Sono iniziati così i miei 15 anni di lavoro in Rai. Inviato speciale dal 2000. 5 Olimpiadi seguite, 17 grandi giri (giro d'Italia, Tour de France Vuelta), 1 Coppa America di Vela in Nuova Zelanda e moltissime altre cose. Eventi raccontati soprattutto cercando storie, raccontando a chi stava a casa tutto quello che si nasconde dietro un evento sportivo di tale portata. Ho realizzato migliaia di servizi per i telegiornali, dirette, trasmisssioni, preparato speciali, documentari...insomma, un lungo lavoro, servendo le testate e garantendo sempre prodotti e notizie in tutte le situazioni.

La mia è stata una carriere pulita, limpida, all'insegna della trasparenza e dell'abnegazione per la Rai. Amo il mio lavoro e ho fatto sempre il massimo per farlo più che bene. Non so se ci sono riuscita sempre ma vi assicuro che ho dato tutta me stessa.
Quello che vi arriva ora da parte mia è un grido di rabbia e di dolore. Una richiesta d'aiuto che faccio a voi perchè non so più dove andare a sbattere la testa.

Vivo a Parigi da quattro anni. Il 4 novembre scorso mi sono sposata e a fine 2007, se tutto andrà bene avrò la cittadinanza francese. Philippe, mio marito, ha una bimba che oltretutto ha problemi di salute . Loro sono la mia famiglia, noi siamo una famiglia.. Da anni chiedo di poter lavorare a Parigi, ma non trovo che porte in faccia o promesse illusorie che durano uno o due giorni.

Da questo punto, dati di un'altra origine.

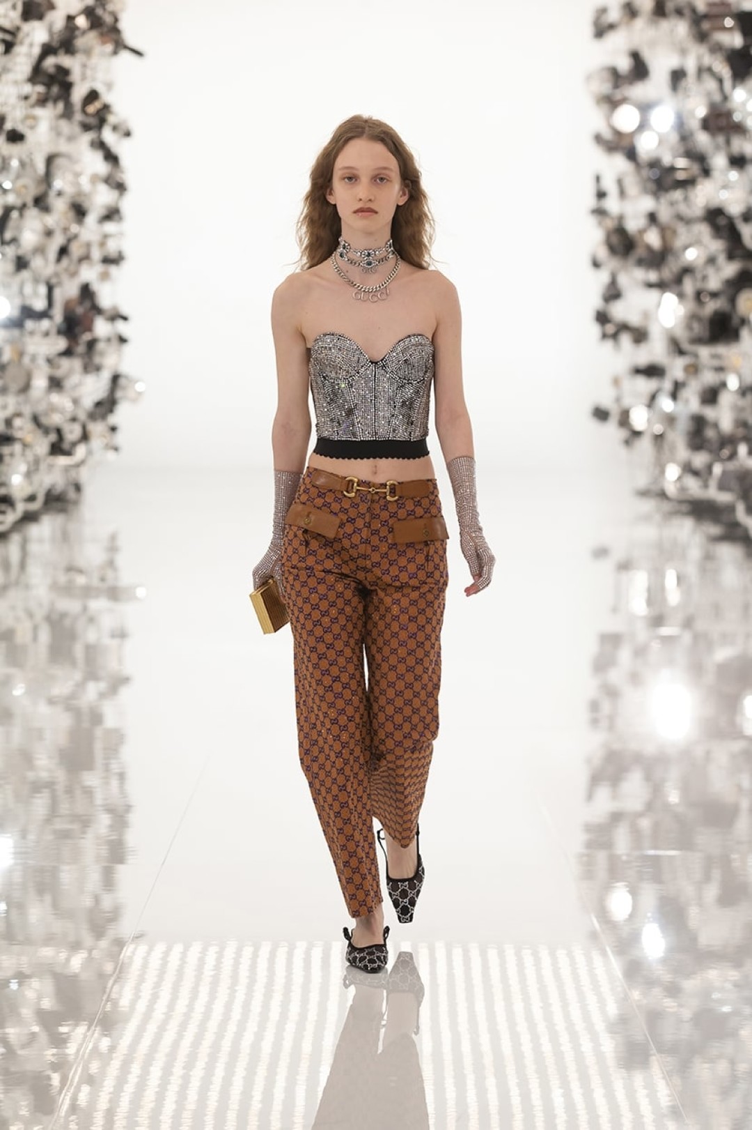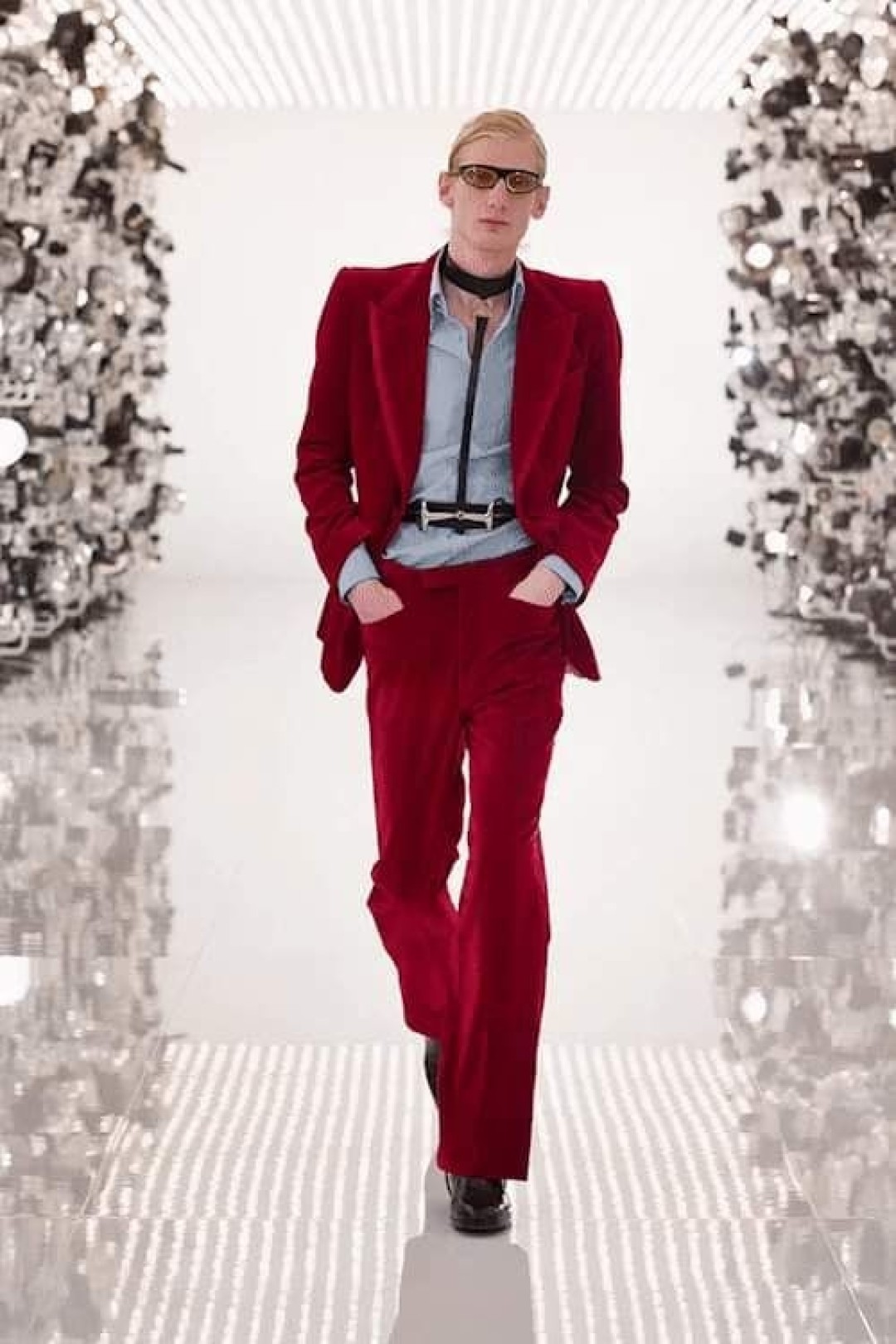 В качестве оммажа Гуччио Гуччи — жокейские аксессуары и сапоги (бренд начинал с создания атрибутов для конных прогулок), а также надпись Savoy на шлемах (основатель дома начинал свою карьеру в одноименном отеле). Отсылкой к работам Тома Форда стал красный бархатный костюм, похожий на тот, что в 1996 показал Форд. Кроме этого, в коллекцию вошли жакеты и украшения с надписями Gucci и Balenciaga, платья, кейпы, пальто и расклешенные брюки.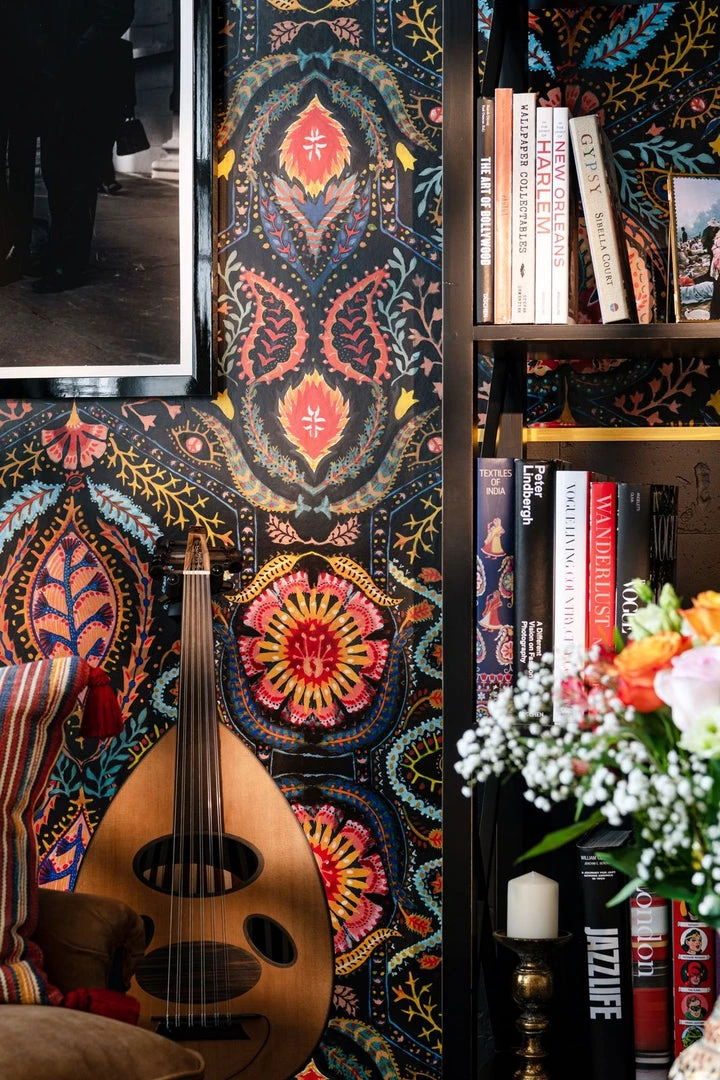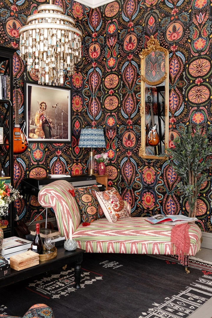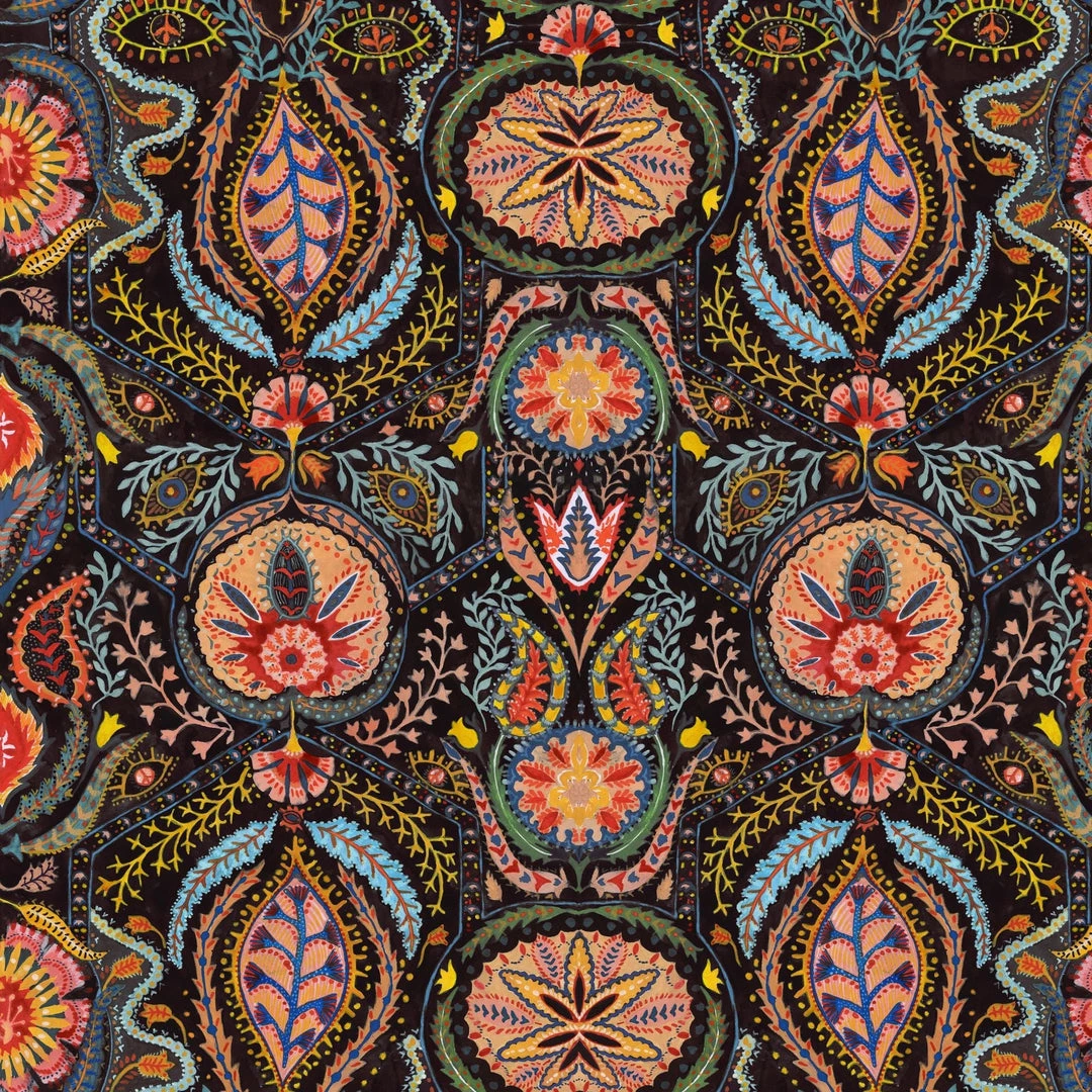 Alluding to the intricacy of the paisley and psychedelic prints of the 60s, SOUL SACRIFICE draws you into an enchanting world of colour and depth. Enticing the eye into the dark background, you get lost amongst the organic forms which entwine across the surface, lighting up the walls like stars in a night sky. Eyes seems to peer at you amongst glowing branches positioned around larger central motifs, watching as you take in the intensity of pattern and colour unfolding before you.

Circa tre anni fa parlai la prima volta con il Direttore del Personale Gianfranco Comanducci che mi disse di trovarmi un Direttore che mi inviasse a Parigi. Nel 2004, dal momento che Daniele Renzoni era già da tempo da solo, parlai con Mauro Mazza, Direttore del Tg 2 che mi disse: " sei bravissima faro' il tuo nome nella riunione per gli inviati non ho nessuno dei miei che vuole andare"... Ma qualche giorno dopo mi richiamò e mi disse: "scusami, mi spiace tantissimo ma ho Mimun che preme per V.F. e devo mandare lui"! Poi fu la volta di Giovanni Bocco che attualmente è ancora solo. Giorni fa ho riparlato con Mazza ma sembra che ora voglia andare F.C.

Cosa devo fare? Sono disperata!!! Qui c'e di mezzo una famiglia! Possibile che il ricongiungimento familiare esista per gli extracomunitari (giustissimo) e per me non ci sia una soluzione? C'e una bambina di mezzo che ha diritto anche lei. Mio marito, da 25 anni si occupa di ciclismo, è la prima firma dell'Equipe e viaggia molto. Se io posso lavorare a Parigi e vivere a casa mia posso occuparmi della bambina, e avere una vita normale. Non due case una a Roma, l’altra a Parigi, Un viaggio ogni turno di riposo!!!

Chiedo solo una vita normale. Chiedo il diritto a vivere lavorando nella città dove ho i miei affetti più cari. Perchè non posso lavorare a Parigi dove la Rai ha una sede? Mi è stato detto che ci sono difficoltà perché una volta a Parigi potrei rivendicare il ruolo di corrispondente!!! Ma io non ne faccio una questione di soldi. Lavorerei con il mio stipendio. Accetterei qualsiasi compromesso.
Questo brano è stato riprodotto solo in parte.